## Data shown
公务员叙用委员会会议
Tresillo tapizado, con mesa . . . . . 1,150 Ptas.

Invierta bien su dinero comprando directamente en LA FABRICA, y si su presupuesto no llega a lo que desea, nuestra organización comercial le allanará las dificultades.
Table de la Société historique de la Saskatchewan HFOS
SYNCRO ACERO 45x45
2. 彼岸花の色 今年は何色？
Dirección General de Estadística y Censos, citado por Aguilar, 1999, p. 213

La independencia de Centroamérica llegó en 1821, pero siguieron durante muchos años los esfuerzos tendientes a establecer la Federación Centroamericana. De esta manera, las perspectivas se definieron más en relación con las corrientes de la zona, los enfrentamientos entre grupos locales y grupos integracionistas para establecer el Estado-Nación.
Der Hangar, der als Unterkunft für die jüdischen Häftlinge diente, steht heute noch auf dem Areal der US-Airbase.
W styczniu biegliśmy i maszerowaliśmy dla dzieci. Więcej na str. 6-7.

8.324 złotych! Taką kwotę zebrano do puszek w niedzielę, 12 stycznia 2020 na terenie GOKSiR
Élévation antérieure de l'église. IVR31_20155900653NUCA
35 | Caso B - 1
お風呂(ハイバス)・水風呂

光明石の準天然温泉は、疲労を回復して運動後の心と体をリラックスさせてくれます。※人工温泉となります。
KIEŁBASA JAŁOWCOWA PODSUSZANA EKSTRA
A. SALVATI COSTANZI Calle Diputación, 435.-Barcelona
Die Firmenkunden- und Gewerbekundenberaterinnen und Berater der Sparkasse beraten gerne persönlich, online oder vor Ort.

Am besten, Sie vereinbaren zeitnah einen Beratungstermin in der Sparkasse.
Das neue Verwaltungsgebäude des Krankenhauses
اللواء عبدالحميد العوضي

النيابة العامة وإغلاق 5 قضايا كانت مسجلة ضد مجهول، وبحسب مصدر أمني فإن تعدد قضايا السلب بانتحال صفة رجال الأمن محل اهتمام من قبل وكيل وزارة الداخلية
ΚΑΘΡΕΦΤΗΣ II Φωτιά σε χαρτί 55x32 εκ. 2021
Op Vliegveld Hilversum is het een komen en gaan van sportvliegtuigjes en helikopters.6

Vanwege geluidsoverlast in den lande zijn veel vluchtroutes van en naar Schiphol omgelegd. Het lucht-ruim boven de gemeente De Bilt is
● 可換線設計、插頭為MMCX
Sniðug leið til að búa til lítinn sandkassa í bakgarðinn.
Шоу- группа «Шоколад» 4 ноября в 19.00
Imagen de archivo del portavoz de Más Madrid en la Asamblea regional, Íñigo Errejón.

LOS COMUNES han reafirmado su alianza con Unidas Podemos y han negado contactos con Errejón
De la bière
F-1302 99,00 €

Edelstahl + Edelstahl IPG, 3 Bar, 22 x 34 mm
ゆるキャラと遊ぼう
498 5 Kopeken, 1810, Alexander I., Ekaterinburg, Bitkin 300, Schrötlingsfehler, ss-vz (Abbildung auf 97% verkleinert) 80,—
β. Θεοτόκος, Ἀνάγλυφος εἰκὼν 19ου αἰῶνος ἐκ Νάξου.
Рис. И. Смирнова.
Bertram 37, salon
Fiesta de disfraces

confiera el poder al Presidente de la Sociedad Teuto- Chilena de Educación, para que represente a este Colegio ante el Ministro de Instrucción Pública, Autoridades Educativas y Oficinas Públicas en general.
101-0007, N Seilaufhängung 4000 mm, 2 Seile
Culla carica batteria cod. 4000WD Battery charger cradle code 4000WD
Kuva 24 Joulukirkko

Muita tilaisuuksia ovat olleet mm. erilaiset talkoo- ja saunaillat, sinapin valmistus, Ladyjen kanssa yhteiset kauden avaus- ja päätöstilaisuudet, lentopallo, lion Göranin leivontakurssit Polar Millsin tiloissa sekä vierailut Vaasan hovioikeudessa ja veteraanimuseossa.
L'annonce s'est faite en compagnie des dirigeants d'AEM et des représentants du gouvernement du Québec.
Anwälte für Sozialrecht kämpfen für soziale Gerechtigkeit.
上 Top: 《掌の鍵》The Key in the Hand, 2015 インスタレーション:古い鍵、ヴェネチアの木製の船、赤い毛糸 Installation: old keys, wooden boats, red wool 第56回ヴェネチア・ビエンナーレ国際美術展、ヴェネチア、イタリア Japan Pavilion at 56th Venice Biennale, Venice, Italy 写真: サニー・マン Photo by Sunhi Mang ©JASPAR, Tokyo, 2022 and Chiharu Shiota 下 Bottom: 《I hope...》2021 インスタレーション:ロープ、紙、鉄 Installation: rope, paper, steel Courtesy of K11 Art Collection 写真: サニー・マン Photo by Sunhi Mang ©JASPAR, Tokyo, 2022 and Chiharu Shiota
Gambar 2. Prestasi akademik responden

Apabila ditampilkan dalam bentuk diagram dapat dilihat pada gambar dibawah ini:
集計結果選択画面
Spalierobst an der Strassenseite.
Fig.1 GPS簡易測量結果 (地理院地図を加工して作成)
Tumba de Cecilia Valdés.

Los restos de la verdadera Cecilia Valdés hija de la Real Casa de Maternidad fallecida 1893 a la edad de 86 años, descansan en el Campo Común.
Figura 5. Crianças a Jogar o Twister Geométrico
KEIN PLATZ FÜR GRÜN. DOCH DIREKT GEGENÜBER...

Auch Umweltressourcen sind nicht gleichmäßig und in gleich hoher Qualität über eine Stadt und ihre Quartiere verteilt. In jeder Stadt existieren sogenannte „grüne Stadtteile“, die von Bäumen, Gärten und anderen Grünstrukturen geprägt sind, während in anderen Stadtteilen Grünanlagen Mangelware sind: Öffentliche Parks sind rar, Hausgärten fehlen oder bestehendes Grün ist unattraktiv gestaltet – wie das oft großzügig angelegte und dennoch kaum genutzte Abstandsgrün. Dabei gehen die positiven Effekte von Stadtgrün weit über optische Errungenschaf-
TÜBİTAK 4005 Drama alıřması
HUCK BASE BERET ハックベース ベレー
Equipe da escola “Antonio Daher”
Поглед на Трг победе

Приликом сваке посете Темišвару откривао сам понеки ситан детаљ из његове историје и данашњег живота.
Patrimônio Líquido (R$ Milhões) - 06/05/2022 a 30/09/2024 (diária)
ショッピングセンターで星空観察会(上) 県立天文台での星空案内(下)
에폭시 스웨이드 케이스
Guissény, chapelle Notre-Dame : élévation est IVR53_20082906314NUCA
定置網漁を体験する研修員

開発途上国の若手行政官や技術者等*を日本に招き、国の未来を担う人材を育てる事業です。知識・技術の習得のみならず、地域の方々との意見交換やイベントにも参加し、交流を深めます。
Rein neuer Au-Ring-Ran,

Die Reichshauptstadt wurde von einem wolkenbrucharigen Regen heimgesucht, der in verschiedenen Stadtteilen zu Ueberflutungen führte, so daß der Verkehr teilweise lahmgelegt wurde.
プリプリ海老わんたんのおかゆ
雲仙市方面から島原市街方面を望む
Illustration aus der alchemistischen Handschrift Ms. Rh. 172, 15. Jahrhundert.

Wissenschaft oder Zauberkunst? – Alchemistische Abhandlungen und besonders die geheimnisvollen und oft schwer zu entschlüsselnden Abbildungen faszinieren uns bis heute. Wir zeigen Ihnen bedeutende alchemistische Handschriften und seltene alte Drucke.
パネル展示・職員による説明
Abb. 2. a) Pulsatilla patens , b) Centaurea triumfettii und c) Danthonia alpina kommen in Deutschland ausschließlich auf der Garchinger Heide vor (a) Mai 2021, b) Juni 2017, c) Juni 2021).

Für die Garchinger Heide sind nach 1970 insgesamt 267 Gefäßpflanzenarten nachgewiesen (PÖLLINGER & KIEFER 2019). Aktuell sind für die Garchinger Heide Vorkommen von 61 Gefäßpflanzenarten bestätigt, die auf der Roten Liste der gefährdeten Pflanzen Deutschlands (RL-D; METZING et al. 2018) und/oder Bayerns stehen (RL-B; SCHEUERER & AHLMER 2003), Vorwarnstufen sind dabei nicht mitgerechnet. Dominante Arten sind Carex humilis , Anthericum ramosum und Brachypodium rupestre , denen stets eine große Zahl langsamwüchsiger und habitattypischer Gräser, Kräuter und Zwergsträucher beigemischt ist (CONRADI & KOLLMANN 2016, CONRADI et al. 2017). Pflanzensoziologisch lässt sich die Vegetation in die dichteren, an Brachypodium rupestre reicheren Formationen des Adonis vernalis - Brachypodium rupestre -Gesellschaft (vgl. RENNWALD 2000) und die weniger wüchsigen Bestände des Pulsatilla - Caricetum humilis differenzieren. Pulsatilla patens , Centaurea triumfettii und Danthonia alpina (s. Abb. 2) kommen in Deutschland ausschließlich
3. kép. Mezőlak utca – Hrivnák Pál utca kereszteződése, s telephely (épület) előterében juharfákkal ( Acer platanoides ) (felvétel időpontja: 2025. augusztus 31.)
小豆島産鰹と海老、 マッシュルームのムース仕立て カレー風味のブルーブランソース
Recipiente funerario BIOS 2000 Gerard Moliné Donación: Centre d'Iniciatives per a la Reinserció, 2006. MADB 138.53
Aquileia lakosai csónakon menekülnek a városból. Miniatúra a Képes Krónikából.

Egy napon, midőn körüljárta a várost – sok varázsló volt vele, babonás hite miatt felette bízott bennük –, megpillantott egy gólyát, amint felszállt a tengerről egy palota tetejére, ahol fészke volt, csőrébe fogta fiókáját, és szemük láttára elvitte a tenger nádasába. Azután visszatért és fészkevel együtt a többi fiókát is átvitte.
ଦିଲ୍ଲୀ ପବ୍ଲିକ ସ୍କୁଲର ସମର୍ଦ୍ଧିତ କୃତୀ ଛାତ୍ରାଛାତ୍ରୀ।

## Task brief
Reproduce exactly the lines of the records above from the one with "Auch Umweltressourcen sind" to the one with "Abb. 2. a) Pulsatilla", both included, and leave out everything else.

## Answer area
Auch Umweltressourcen sind nicht gleichmäßig und in gleich hoher Qualität über eine Stadt und ihre Quartiere verteilt. In jeder Stadt existieren sogenannte „grüne Stadtteile“, die von Bäumen, Gärten und anderen Grünstrukturen geprägt sind, während in anderen Stadtteilen Grünanlagen Mangelware sind: Öffentliche Parks sind rar, Hausgärten fehlen oder bestehendes Grün ist unattraktiv gestaltet – wie das oft großzügig angelegte und dennoch kaum genutzte Abstandsgrün. Dabei gehen die positiven Effekte von Stadtgrün weit über optische Errungenschaf-
TÜBİTAK 4005 Drama alıřması
HUCK BASE BERET ハックベース ベレー
Equipe da escola “Antonio Daher”
Поглед на Трг победе

Приликом сваке посете Темišвару откривао сам понеки ситан детаљ из његове историје и данашњег живота.
Patrimônio Líquido (R$ Milhões) - 06/05/2022 a 30/09/2024 (diária)
ショッピングセンターで星空観察会(上) 県立天文台での星空案内(下)
에폭시 스웨이드 케이스
Guissény, chapelle Notre-Dame : élévation est IVR53_20082906314NUCA
定置網漁を体験する研修員

開発途上国の若手行政官や技術者等*を日本に招き、国の未来を担う人材を育てる事業です。知識・技術の習得のみならず、地域の方々との意見交換やイベントにも参加し、交流を深めます。
Rein neuer Au-Ring-Ran,

Die Reichshauptstadt wurde von einem wolkenbrucharigen Regen heimgesucht, der in verschiedenen Stadtteilen zu Ueberflutungen führte, so daß der Verkehr teilweise lahmgelegt wurde.
プリプリ海老わんたんのおかゆ
雲仙市方面から島原市街方面を望む
Illustration aus der alchemistischen Handschrift Ms. Rh. 172, 15. Jahrhundert.

Wissenschaft oder Zauberkunst? – Alchemistische Abhandlungen und besonders die geheimnisvollen und oft schwer zu entschlüsselnden Abbildungen faszinieren uns bis heute. Wir zeigen Ihnen bedeutende alchemistische Handschriften und seltene alte Drucke.
パネル展示・職員による説明
Abb. 2. a) Pulsatilla patens , b) Centaurea triumfettii und c) Danthonia alpina kommen in Deutschland ausschließlich auf der Garchinger Heide vor (a) Mai 2021, b) Juni 2017, c) Juni 2021).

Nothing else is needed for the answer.